大会長挨拶
小杉 寿文
(佐賀県医療センター好生館)
皆さんこんにちは。日本死の臨床研究会第45回年次大会の大会長を拝命いたしました、佐賀県医療センター好生館の小杉寿文と申します。
今、私たちは世界規模の感染症のまっただ中に有り、生き方そのものを考え直すことを迫られております。しかし、考えてみますと、今までも、毎年のように世界中で繰り返される自然災害や食糧危機、何十年、何百年も前から繰り返される戦争、それによって増え続ける難民問題など、多くの生命が脅かされる重大問題に直面して参りました。しかし、すべて先送りにしてきたわけで、この新型コロナウイルス感染症の問題だけでは済まされないのかもしれません。
このような世界規模での問題も山積みされていますが、私たち個人個人が向きあわざるを得ない「生きる死ぬ」という自然現象についても、目を背けてはいないでしょうか。
ただ長生きしたいという欲求だけを追求してきた人類は、不老長寿の特効薬を見つけられないことに未だに納得していないかのようです。そればかりか、死という自然現象をあたかも病であるかのように医療の中に取込んでしまいました。ケアではなく医療そのものを目的としているのを感じます。

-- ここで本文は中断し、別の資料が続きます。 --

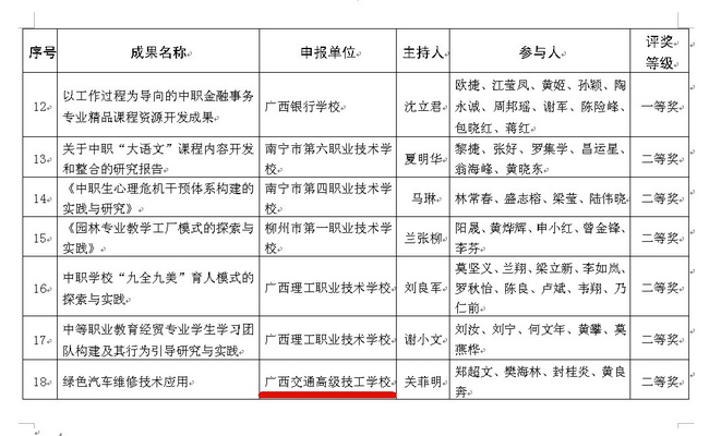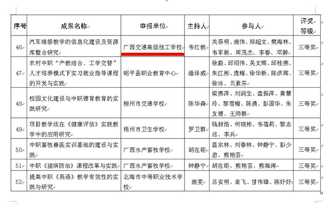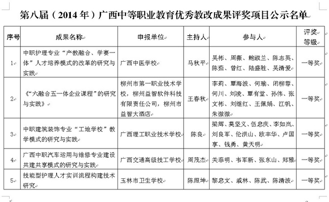 根據教(jiāo)育部《關於開展2014年國家級教學成果獎評審工作的通知》(教(jiāo)師[2013]14號)文件的要求,為推薦(jiàn)我區優秀教育教改(gǎi)成果參與國家級(jí)評選工作,1月20號,自治區教育廳向全區(qū)各中職院校發布了《關(guān)於開展第八屆(2014年)廣西中等職業教育優秀教改成果評選工作的通知》(桂教辦〔2014〕19號),計劃通過遴選出參與第八屆教學教改成果評(píng)選的優秀成果,推薦申(shēn)報國家級(jí)教學成果獎。
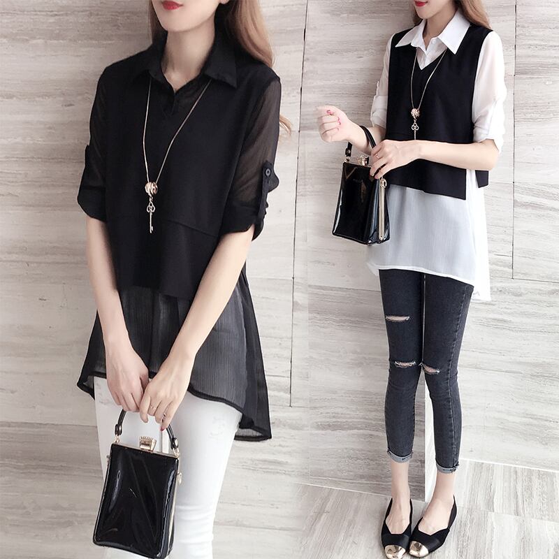 レディース トップス シャツ ベスト フェイクツーピース レイヤード ロング 5分袖 Vネック 襟付き ストレート かわいい 大人可愛い きれいめ シンプル カジュアル 上品 おしゃれ かっこいい クール 大人っぽ 無地 ストライプ 春 夏 秋 オフィス ビジネス OL 通勤 デート お出かけ コーデ 楽ちん レイヤード ロールアップ S M L XL 2XL 3XL 4XL 白 ホワイト 黒 ブラック 水色 ブルー

日本死の臨床研究会第45回年次大会では「暮らしの中にある看取りへ」というテーマを考えました。医療からケアへ、病院から生活の場へ看取りを取り戻したいという思いからです。インターネットによる完全WEBでの開催ですが、1人でも多くの方にご参加頂き、活発な議論ができることを楽しみにしております。
梅野 理加
(介護付き有料老人ホームかめやま)
みなさん こんにちは。日本死の臨床研究会 第45回年次大会の大会長をさせていただきます。介護付き有料老人ホームかめやまに勤務しています 梅野 理加です。
初めに、新型コロナウイルス感染症によりお亡くなりになられた方々、ご遺族の方々のお悔やみを申し上げます。罹患されている方々に心よりお見舞い申し上げます。新型コロナウイルス感染が長期化している状況の中で、社会経済と感染対策の両立を図らなければならない中、人々の生命と健康と生活・くらしを守るために、様々な場面で支援に取り組んでおられる医療・看護・介護 従事者の皆様ならびに関係者の方々に敬意を表しますと共に、心より感謝申し上げます。
さて、今回、日本死の臨床研究会では 第45回年次大会を開催することになりました。
従来、その土地で全国の現場の方々と共に対面し語り明かしたいところではありますが初の試みとして完全web開催となります。大会会期は先行オンデマンド配信を含め2021年 11月22日から12月26日となります。このうち1部のプログラムは12月4日5日の2日間オンラインでのライブ配信を行います。
テーマは「暮らしの中で看取る」 です。このテーマは、死の臨床において、死と向き合う現場から全人的ケアを通して、全ての人が、人生の最期の時まで、希望する生き方を実現できるように、人々の暮らしがとても大切であると感じたからです。
それは、改めて考えると当たり前のように思いますが、老いていく中で人は暮らしそのものが変化していきます。また、私がホスピス病棟の現場から現在は老人ホームでの経験、育児と介護のダブルケアの経験から感じたこととして、人は病気を患い、治療の中で暮らしが患者、家族周りの人すべてに変化をもたらします。
そのような社会の中で、その人の命を守るため最優先される医療と変化していく暮らしの中で私達は援助者としてともに語り合い、どのように考え支えていくことができるのかを皆様と一緒に考えていきたいと思います。
いつもの年次大会とはいきませんが、できるだけ皆様と率直に意見交換ができるように企画し、事例検討も行いたいと思います。死の臨床研究会だからこその会にしていきたいと思いますので皆様、日ごろのケアで印象深いもの、悩んでいることなど語り合えたらと思います。ぜひご参加よろしくお願いします。